In bridge structures, Structural Health Monitoring (SHM) techniques for assessing the performance of a new structure during construction or in its as-built state and the assessment of performance of any rehabilitation or the evolution of safety of a degrading structure are available. The sensor data are analysed to develop SHM markers. The markers typically seek to detect varied events, sudden events and the evolution of the performance of the structure with time. Typically, they include identification of events in the form of some kind of an outlier and the characterisation and calibration of a certain time-span in the form of a defined domain of values. Wavelet based analyses are gaining significant popularity in this regard in the scientific literature. In terms of approach, statistical techniques have also been shown to have great promise. There is some limited existing work based on experiments of full scale bridges. A number of them consider wavelet based techniques while the use of various monitoring devices have also been investigated. Data dependent numerical and statistical algorithms have been observed to be very successful in identifying events. These experiments are extremely important since they not only provide a high degree of confidence regarding the use of a method but also delineate the practical limitations and problems associated with such detection.

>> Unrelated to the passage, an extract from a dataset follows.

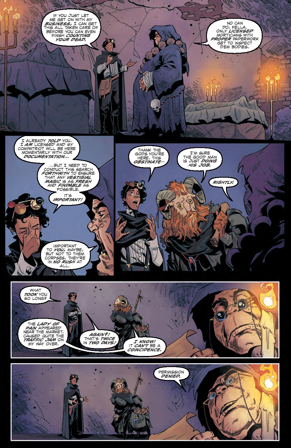 Finder, now a part of a group of Dustmen morticians, still has amnesia, but that’s far from his biggest problem. A series of corpses found around Sigil have traces of a strange magical energy that’s tearing the fabric of reality itself, and if the murderer isn’t stopped soon, Finder won’t have a chance to find out who they really are before the end of everything. The mystery deepens in the series inspired by the new Dungeons & Dragons sourcebook!

To date sensor information has mostly been employed in addressing specific problems in bridge monitoring, maintenance and management. The direct translation of such data is not available for a general condition rating. Some research projects have started to link bridge ratings with sensor data. In principle, such a correlation or a ranking has been seen to be of great importance although work carried out in this regard has been limited to visual inspections. It is concluded that the development of algorithms to link continuously observed sensor data with the rating of a bridge would be of significant benefit. The condition rating derived in this process would be significantly more robust, than those currently available for non-instrumented bridges, due to the reduction in both epistemic and aleatory uncertainties.
A sizeable portion of maintenance budgets for the rail networks considered in this research is spent on maintenance and renewal of the ballast in the track-bed. The primary reason for this maintenance is the fact that a railway track structure is not designed to retain its shape for long periods. Differential permanent deformation (i.e. settlement) develops quickly under traffic loading causing a reduction in riding quality which, if not corrected, compromises safety. The principal material in which the deformation takes place is the ballast, which consists of approximately single-sized aggregate, meeting specified criteria for size, shape and durability but not for overall mechanical properties. In relative terms, it is a cheap material and it has the advantage that it can be ‘reshaped’ when necessary, enabling correction of track line and level to be carried out. This reshaping is most commonly conducted using a tamping machine, which physically lifts the track back to the correct position, inserts steel tines into the ballast and packs ballast stones under the lifted sleepers. This is not a particularly difficult operation, nor is it very expensive (in terms of €/km), but it is highly disruptive to operations and also contributes significantly to the process of ballast degradation, which is much more expensive to correct.